Uhf7 commented May 26, 2020

@Ekopalypse

then certainly another trick exists. Running out of thoughts here. On my system, the 32 bit version works exactly like the 64 bit version.

A major difference is the system itself: I use
OS Name : Windows 10 Pro (64-bit)
OS Version : 1607
OS Build : 14393.576,

you use Windows 7. I try it on my Windows 7 system ...

@Uhf7
Copy link
Contributor

Uhf7 commented May 26, 2020

Ok, under Windows 7, the ∈ works fine, with and without bracket highlighting, but some other characters don't. Using technology 0.

Techno-0-w7

With the 64 bit version of Npp, the same characters are missing.

Using technology 1:

Techno-0-w7-t1

What else could you ask for? Looks perfect to me.

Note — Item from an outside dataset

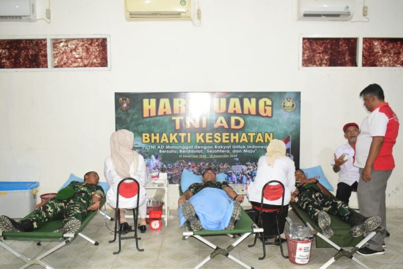 SUARANEWS86.COM || Komando Distrik Militer (Kodim) 0302/Inhu gelar kegiatan bhakti kesehatan donor darah dalam rangka memperingati Hari Juang TNI Angkatan Darat ke- 80 di Aula Makodim 0302/Inhu Kecamatan rengat Kabupaten Indragiri Hulu, Rabu (10/12/2025).
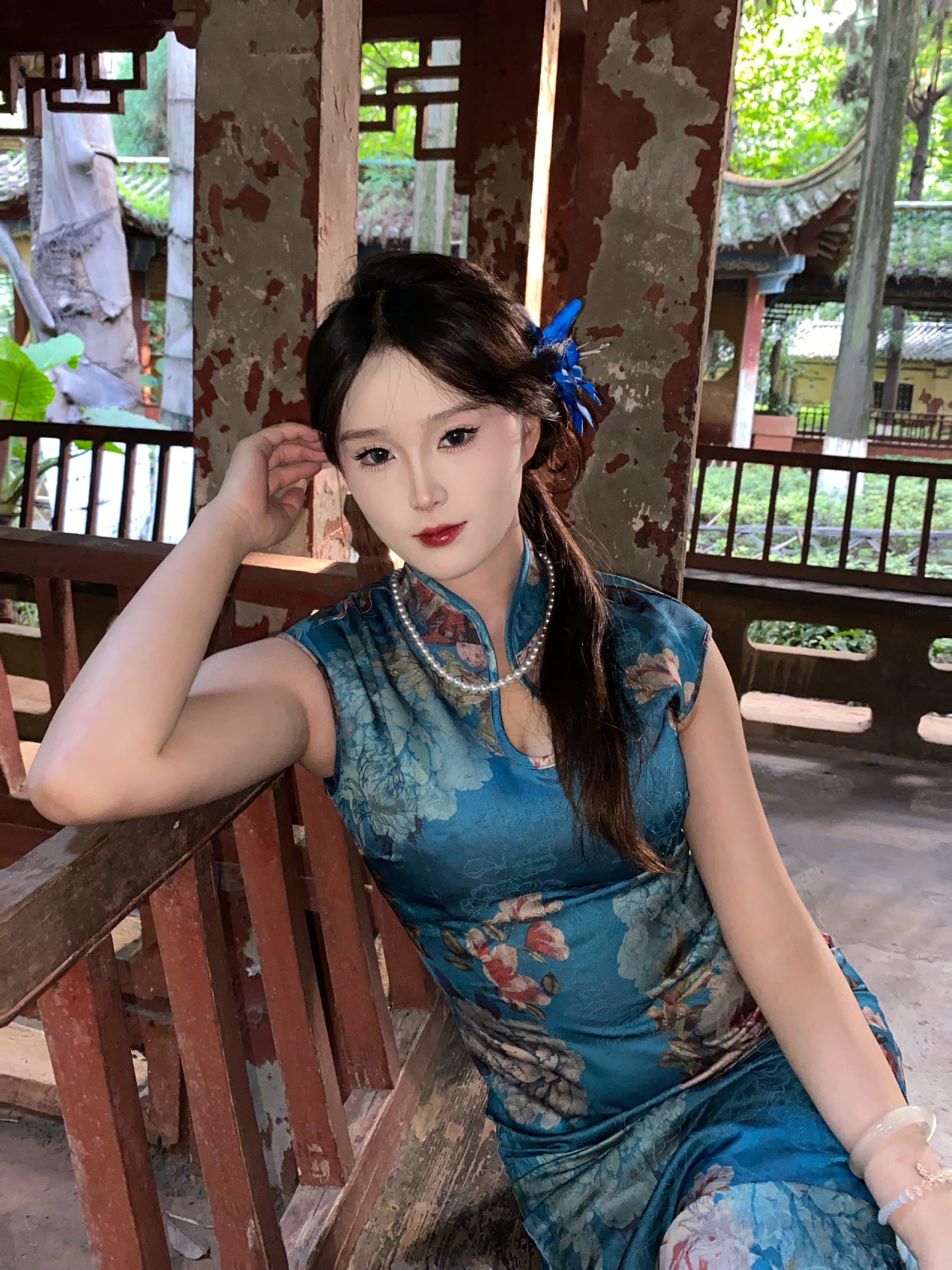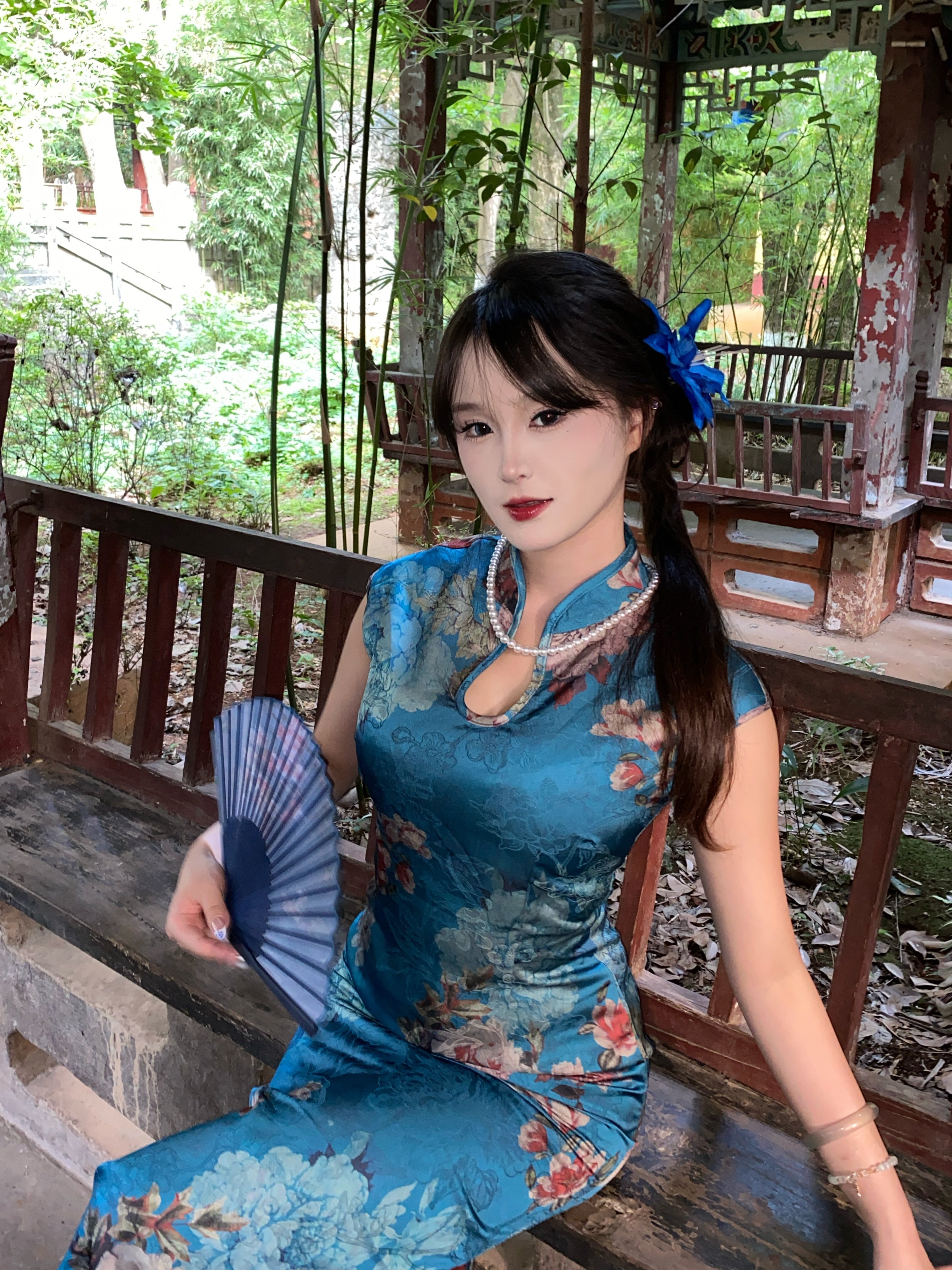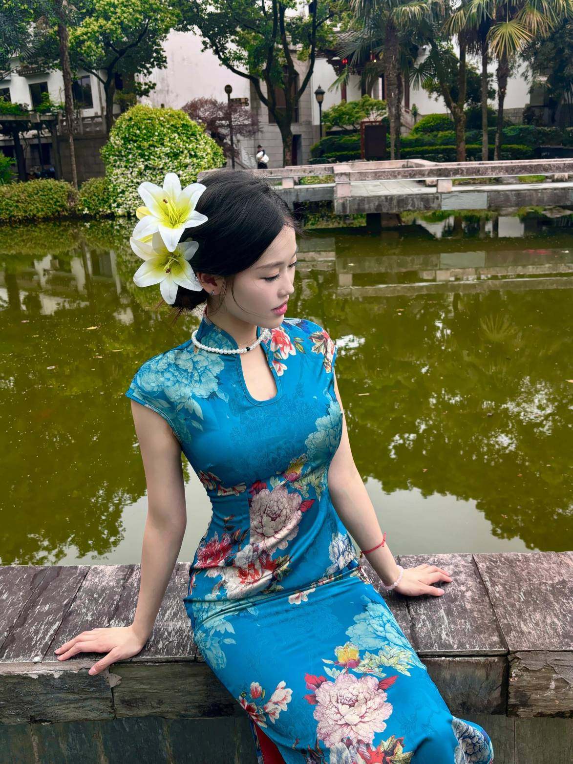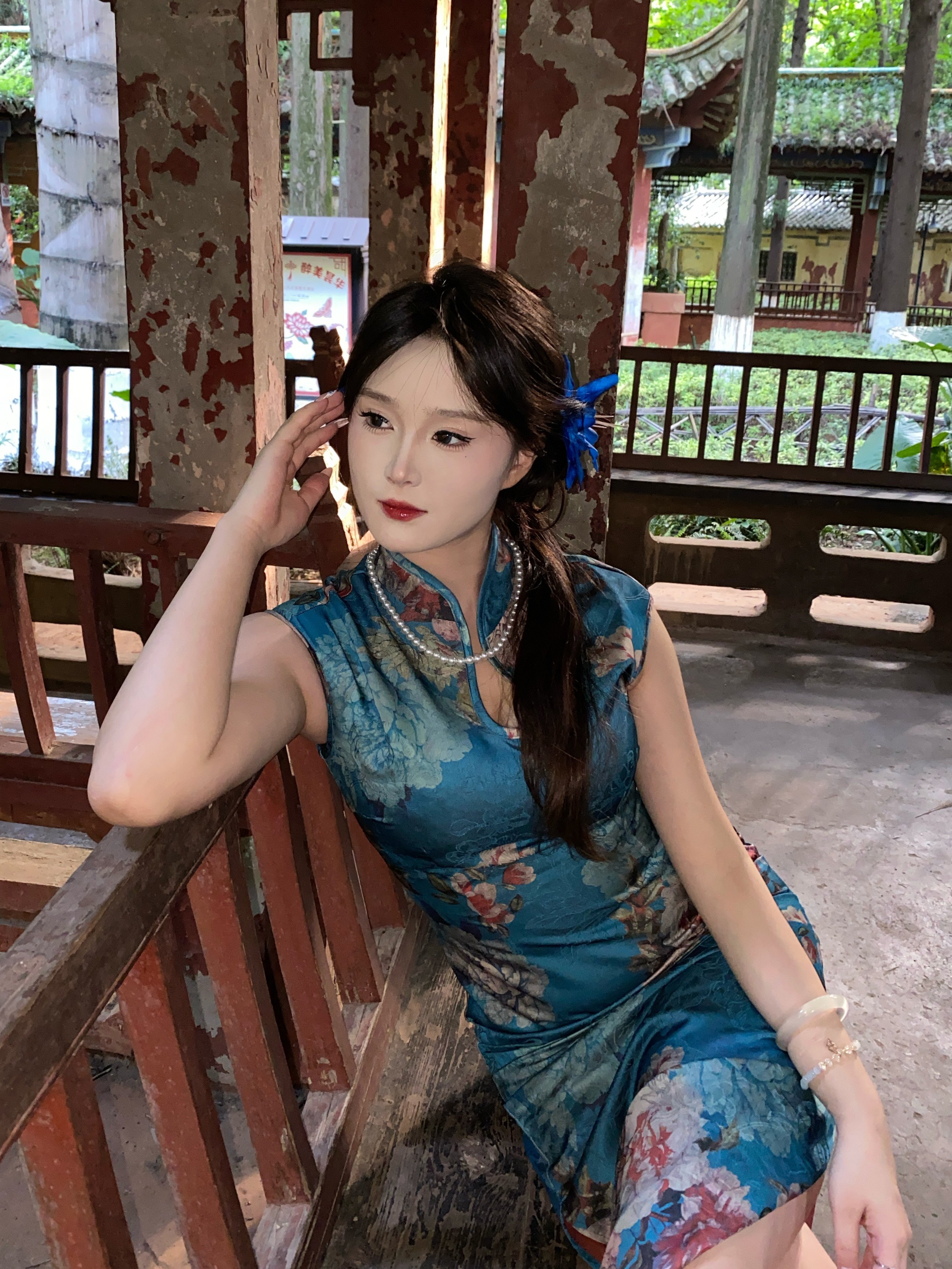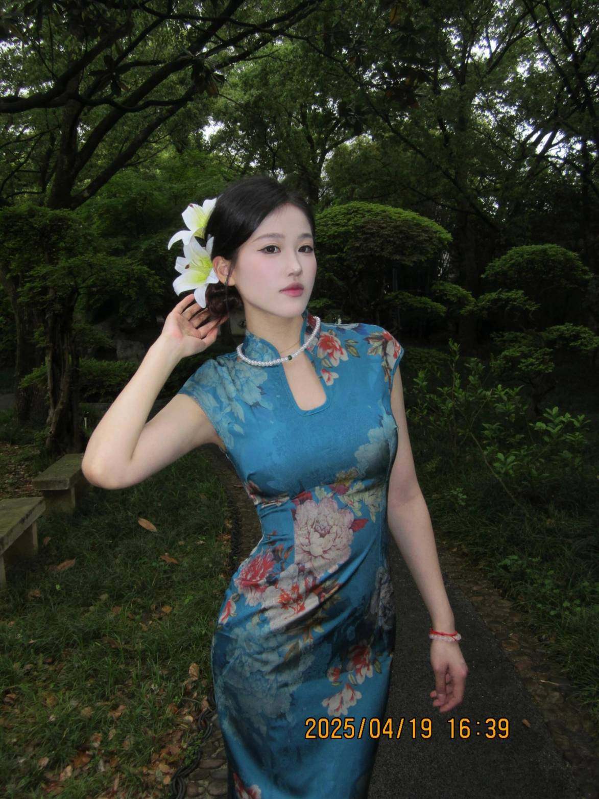 这旗袍超有韵味呀!蓝色底色衬得人很有气质,印花古典又雅致,修身款式把身材曲线勾勒得恰到好处,旗袍独特的领口和无袖设计

Technology 1, Windows 7, 64 bit version of Npp:

Techno-0-w7-t1-64

I dream, if you ask me. Compared to the current state.

@Ekopalypse
Copy link
Contributor

@ValZapod

The font never actually changed, you need to press on Enable global font

No, it was started with these settings. I switched to global overwrite to show that no other font is defined. If global override is NOT checked, the default setting takes precedence.
Yes, I still use Windows 7 why not? I don't do any "mission critical transaction" with windows OS anyway.

Cannot we somehow force the rendering that is used when yout type in ☆?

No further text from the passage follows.